BDS Movement: Indigenous Palestinians call on documentary filmmakers to show meaningful solidarity with our struggle
The Palestinian Campaign for the Academic and Cultural Boycott of Israel (PACBI) – a founding member of the Palestinian BDS National Committee (BNC), the largest entity in Palestinian society that leads the global BDS movement – calls to boycott Doc Edge Festival in Aotearoa (New Zealand) until it drops its partnership with the embassy of apartheid Israel.
More than a hundred artists, including Hollywood stars, recently condemned Israeli occupation forces’ murder of prominent Palestinian journalist Shireen Abu Akleh. Film directors including Pedro Almodovar, Mira Nair, Jim Jarmusch, Carol Morley, Boots Riley, Asif Kapadia, Ken Loach, and Mike Leigh decried the hypocrisy of Western governments who “have rushed to impose blanket boycotts and sanctions in response to Russia’s illegal invasion of the Ukraine”, while they “continue to fund and shield Israel’s decades-long occupation and grave human rights violations against Palestinians”. The artists, including actors Susan Sarandon, Miriam Margolyes, Tilda Swinton, Mark Ruffalo, Kathryn Hahn and Eric Cantona concluded:
“There must be no double standards when it comes to the basic human right to freedom from persecution and oppression and the right to life and to dignity”.

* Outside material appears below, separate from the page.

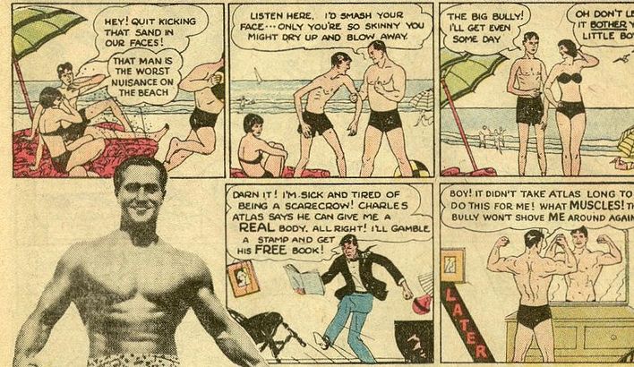 Yo fui uno de esos flacuchos que pidió información sobre el programa del fisicoculturista Charles Atlas. Si no compré el curso fue porque mis padres no estaban locos para darme el dinero, y porque no tenía más de diez años. Me quedé con las ganas.

These film professionals join thousands of international artists who have called for effective measures to hold apartheid Israel to account for its brutal oppression of Palestinians. More than two hundred queer filmmakers have pledged not to submit films to or otherwise participate in “events partially or fully sponsored by complicit Israeli institutions until Israel complies with international law and respects Palestinian human rights”. Actors including Gael García Bernal, Maxine Peake, Peter Capaldi, Viggo Mortensen, Harriet Walter and Charles Dance endorsed “meaningful solidarity with Palestinians struggling for their human rights under international law”.
Indigenous Palestinians, inspired partly by the international boycotts against apartheid in South Africa, are calling for international artists, including documentary filmmakers, to show meaningful solidarity with our struggle by refusing to screen with film festivals and institutions that are complicit in Israel’s regime of apartheid, military occupation, and settler-colonialism.

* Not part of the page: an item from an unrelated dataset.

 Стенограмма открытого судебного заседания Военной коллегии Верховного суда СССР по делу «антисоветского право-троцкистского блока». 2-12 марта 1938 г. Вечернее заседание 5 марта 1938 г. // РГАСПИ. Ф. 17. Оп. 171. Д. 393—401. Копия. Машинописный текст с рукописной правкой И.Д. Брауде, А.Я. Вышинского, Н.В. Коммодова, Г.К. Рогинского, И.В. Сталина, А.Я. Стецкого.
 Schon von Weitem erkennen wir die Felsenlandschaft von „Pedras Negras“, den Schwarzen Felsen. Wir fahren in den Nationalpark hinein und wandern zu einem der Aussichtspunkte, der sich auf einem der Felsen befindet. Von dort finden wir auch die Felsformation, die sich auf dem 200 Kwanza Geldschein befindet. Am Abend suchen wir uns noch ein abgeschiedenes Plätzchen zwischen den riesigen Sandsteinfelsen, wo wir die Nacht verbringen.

Doc Edge is complicit through its art-washing partnership with apartheid Israel. We urge all film professionals to boycott it until it drops the Israeli embassy as an official festival supporter.
The BDS movement categorically rejects censorship and upholds the universal right to freedom of expression as stipulated in the United Nations’ International Covenant on Civil and Political Rights (ICCPR).

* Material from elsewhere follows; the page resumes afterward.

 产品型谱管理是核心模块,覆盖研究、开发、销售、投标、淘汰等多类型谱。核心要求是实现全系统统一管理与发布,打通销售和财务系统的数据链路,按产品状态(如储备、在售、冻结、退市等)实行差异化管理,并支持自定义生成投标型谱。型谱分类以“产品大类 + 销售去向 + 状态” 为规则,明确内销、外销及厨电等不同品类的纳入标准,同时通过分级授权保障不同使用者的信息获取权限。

The institutional boycott we are calling for is in harmony with this right. Beyond the scope of BDS guidelines for the international cultural boycott of Israel, activists may still choose to advocate a “common sense” boycott against a documentary film that, say, incites to racial hatred, whitewashes war crimes, tries to normalize apartheid and military occupation, etc.
While these “common sense” boycotts are outside the realm of BDS, no documentary film should have a free pass to promote the violation of international law, whether it is an Israeli, US or NZ production; consistently applying the same principle to all. Any film institution that programmed such a film would expect “common sense” boycotts from conscientious film audiences.